As many western governments cut back on education funding and try to dictate curricula the section on Consequences of Ignorance cites the 1989 presidential debate in Brazil when Fernando Henrique Cardoso complained about the cost of education and his rival, Leonel Brizola, responded that “education isn’t expensive. What’s expensive is ignorance.”

In this section of the book Burke also ranges over war (Napoleon’s Russian campaign; Pickett’s charge in the Civil War (the turning point in that war and which the blog walked some years ago with his friend John Dyett); Britain’s 1842 debacle in Afghanistan; Vietnam, Iraq and Afghanistan again. Incidentally, in an earlier chapter he reports that a majority of Americans couldn’t find Iraq on a map.

In a chapter on ignorance in business he starts with the British Tanganyika groundnut failure; as well as the economic consequences of the expulsion of the Moriscos from Spain in 1609 and the expulsion of Protestants from France by Lous XIV. Both of course provided impetus to industrialisation in Holland and Britain which served as great advantages in the wars both fought against Spain.

He then ranges over management failures, consumer ignorance, accounting illiteracy, investment ignorance, the South Sea Bubble, the 1929 Great Crash, US Prohibition, drug dealers, the Mafia and arms smuggling (including the notorious Victor Bout).

The section on ignorance in politics starts by discussing the ignorance of the ruled in autocracies bringing in Richelieu, Machiavelli, Richard Kapuscinski’s reporting; The British ‘Popish plot’; the US Know Nothings; and, the frightening public opinion research disclosing Americans’ profound ignorance on how their system works (when it does) and who and what makes up the government. One interesting sidelight of this is research which suggests that many people practise ‘rational ignorance’ not thinking it worth their while to participate although this may be outweighed by American credulity.

Of course, it’s not only the US where ignorance rules as the UK decision to withdraw from India and partition the country resulted in hundreds of thousands (perhaps millions) killed as result.

There is a brief section on the ignorance of early modern rulers (Charlemagne could neither read nor write for instance) but is quickly compared with people like Donald Trump and George W. Bush who was ignorant of conflicts between Sunni and Shia Muslims when he decided to invade Iraq.

A chapter on surprises and catastrophes ranges over lack of preparation and poor response to floods, hurricanes and earthquakes.

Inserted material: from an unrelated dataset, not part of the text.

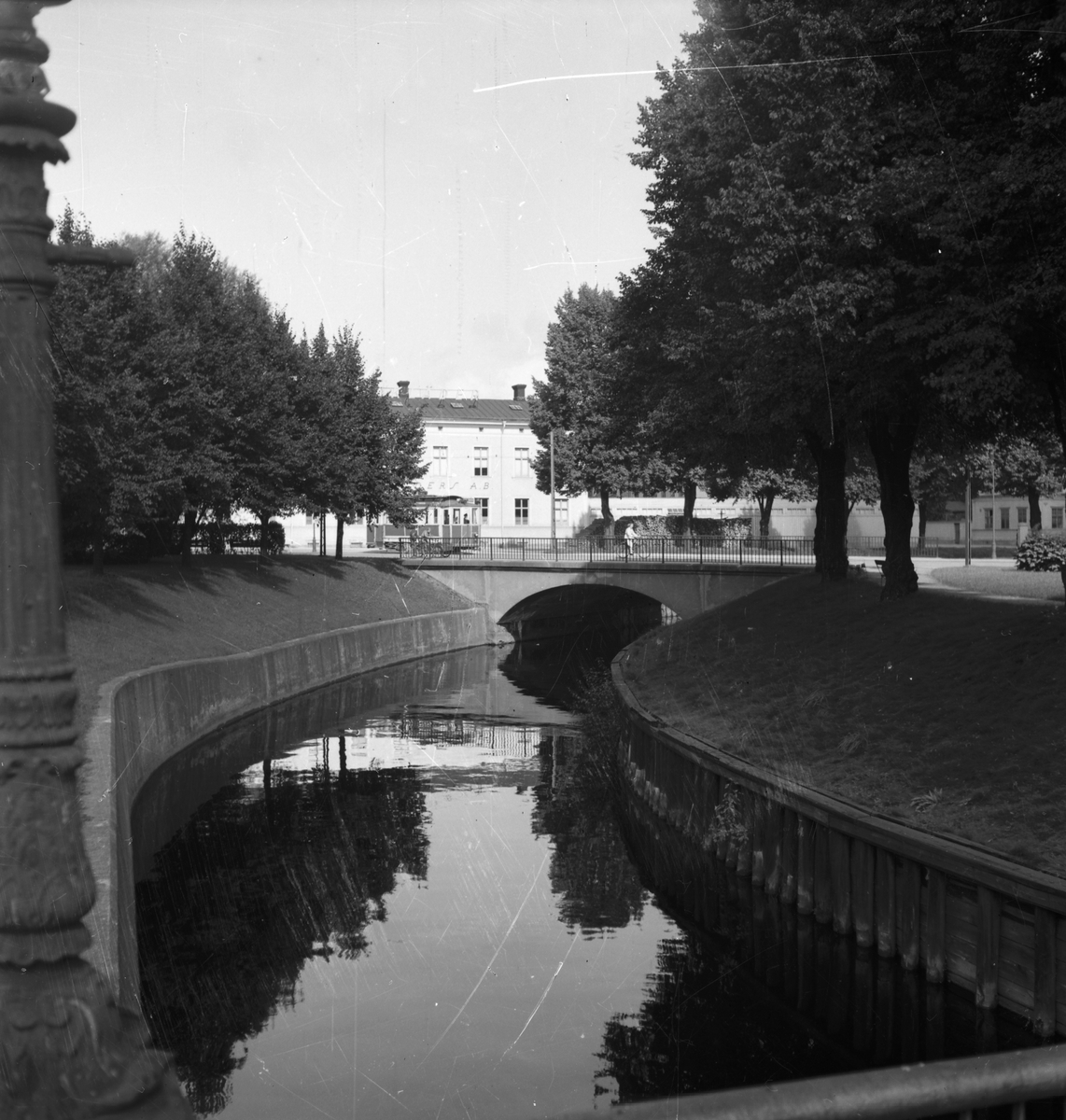 Lillån / Spårvagn. Malmbergs fabrik i bakgrunden

George W. Bush, Hurricane Katrina and New Orleans gives Bush an encore role in the book. It also discusses COVID in the context of just being the most recent example of how we have failed to deal with problems such as HIV AIDS and Ebola.

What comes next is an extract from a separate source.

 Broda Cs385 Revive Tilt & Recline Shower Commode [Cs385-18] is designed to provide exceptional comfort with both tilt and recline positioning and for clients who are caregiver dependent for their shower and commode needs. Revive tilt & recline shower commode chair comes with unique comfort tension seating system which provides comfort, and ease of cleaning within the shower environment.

A section on secrets and lies reprises State secrets, the Jesuit Baltasar Gracian and Francis Bacon, Machiavelli, the Katyn massacre cover up, Chernobyl, the Pentagon Papers, post-truth, lies and much more.

The book’s penultimate chapter addresses uncertain futures including forecasting, Black Swan events, risk, Chernobyl, the mathematician Bernoulli, economics, futurology and Andrei Amalrik’s 1970 prescience about the fate of the Soviet Union.

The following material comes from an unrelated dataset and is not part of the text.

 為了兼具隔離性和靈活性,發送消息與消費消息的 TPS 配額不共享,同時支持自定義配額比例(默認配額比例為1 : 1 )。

The final chapter looks at the historians “who never know as much about the past as they would like to, and often less than they think they do.”

The final lines start with Mark Twain: “We are all ignorant, just about different things”.

Burke concludes the text with “The trouble is that those with power often lack the knowledges they need, while those who possess those knowledges lack power.”

The book includes a glossary of terms – three pages of definitions of forms of ignorance – an essential guide to identifying the precise form you need to deal with.

Regular readers will be aware of my occasional references to another Burke book – The Fabrication of Louis IV. The blog frequently pressed it on US colleagues to demonstrate that PR wasn’t invented in the USA. But it’s also a fascinating book about power – how to wield it, how to justify it and how to promote it.